El sábado, miles de manifestantes incendiaron las embajadas de Dinamarca y Noruega en Damasco y, como les quedaban al paso, también las de Chile y Suecia. Ayer volvieron a la carga en Beirut, donde la larga mano de Siria e Irán, a través de Hizbolá, se hace sentir cuando conviene. Siria es una dictadura donde nadie, y mucho menos una multitud, se mueve un centímetro sin el conocimiento, y sin el consentimiento, del régimen. Hace tres meses, la comisión de la ONU que preside el fiscal alemán Detlev Mehlis concluyó que los servicios de inteligencia sirios estaban implicados en el asesinato del primer ministro libanés, Tafik Hariri, hace ahora casi un año. El mes pasado, el ex vicepresidente Abdel Halim Jadam, que fue íntimo colaborador del padre del actual presidente, Bachar Assad, expresaba su convicción de que este último había dado personalmente la orden de acabar con la vida del hombre cuyo asesinato ha puesto en jaque el protectorado sirio en el Líbano. ¿Por qué será que cuando un régimen totalitario pasa por serias dificultades sus súbditos invaden las calles con un buen pretexto externo?
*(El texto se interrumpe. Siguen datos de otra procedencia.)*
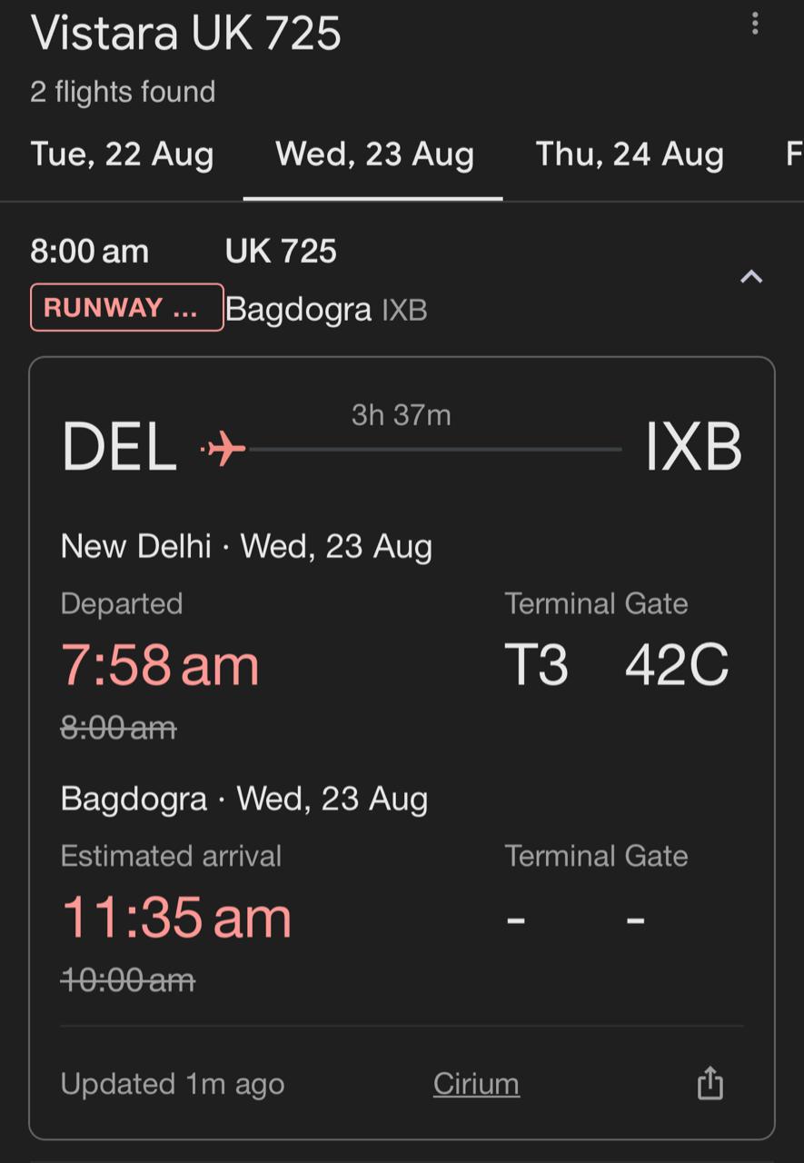Flight UK725 from Delhi to Bagdogra was taking off from the newly inaugurated runway and the Vistara flight from Ahmedabad to Delhi, after landing on a parallel runway, was moving towards the end of the runway.

En Irán, las turbas aún no han tomado las calles. Por ahora. Pero el tenor de sus máximos dirigentes, aún antes de la publicación de las benditas caricaturas, no deja lugar a dudas sobre la oportunidad que una «guerra de religiones», convenientemente adobada, proporciona al régimen de los ayatolás para enmascarar su decidido propósito de conseguir el arma atómica. Si ninguna de ellas se arrepiente de aquí a marzo, lo cual no es improbable, las grandes potencias sentarán a Irán ante el Consejo de Seguridad de la ONU por su negativa a colaborar con la OIEA. Y lo más probable es que se adopten sanciones. Otro cosa será la unanimidad a la hora de aplicarlas, como nos ha mostrado en toda su obscenidad la crisis provocada hace tres años por la falta de acuerdo para castigar a Irak por burlar las resoluciones de la ONU durante una década.

Estados Unidos, el Reino Unido y el Vaticano han criticado en estos días de furia la publicación de las caricaturas de Mahoma, subrayando que uno de los límites de la libertad de expresión es el respeto a las creencias de los demás. Sería difícil estar en desacuerdo con un principio así enunciado. Las guerras de religión dejaron demasiadas marcas en el genoma de los actuales regímenes liberales europeos. Cabe discutir, sin embargo, la oportunidad de recordar tal evidencia cuando se están incendiando embajadas y boicoteando a todo un país por la página de uno de sus diarios. La pobreza, la injusticia y la desigualdad pueden formar parte del humus en el que se cultiva el fenómeno terrorista, pero evocar esas miserias coincidiendo con una campaña de bombas sólo puede ofrecer una justificación a quienes las ponen. Puede que esté mal hacer chistes sobre Mahoma; decirlo ahora no es la mejor manera de detener la barbarie de quienes nos ofenden con su intolerancia sin tantos miramientos. En todo este asunto, la víctima es el pueblo danés. Nadie más.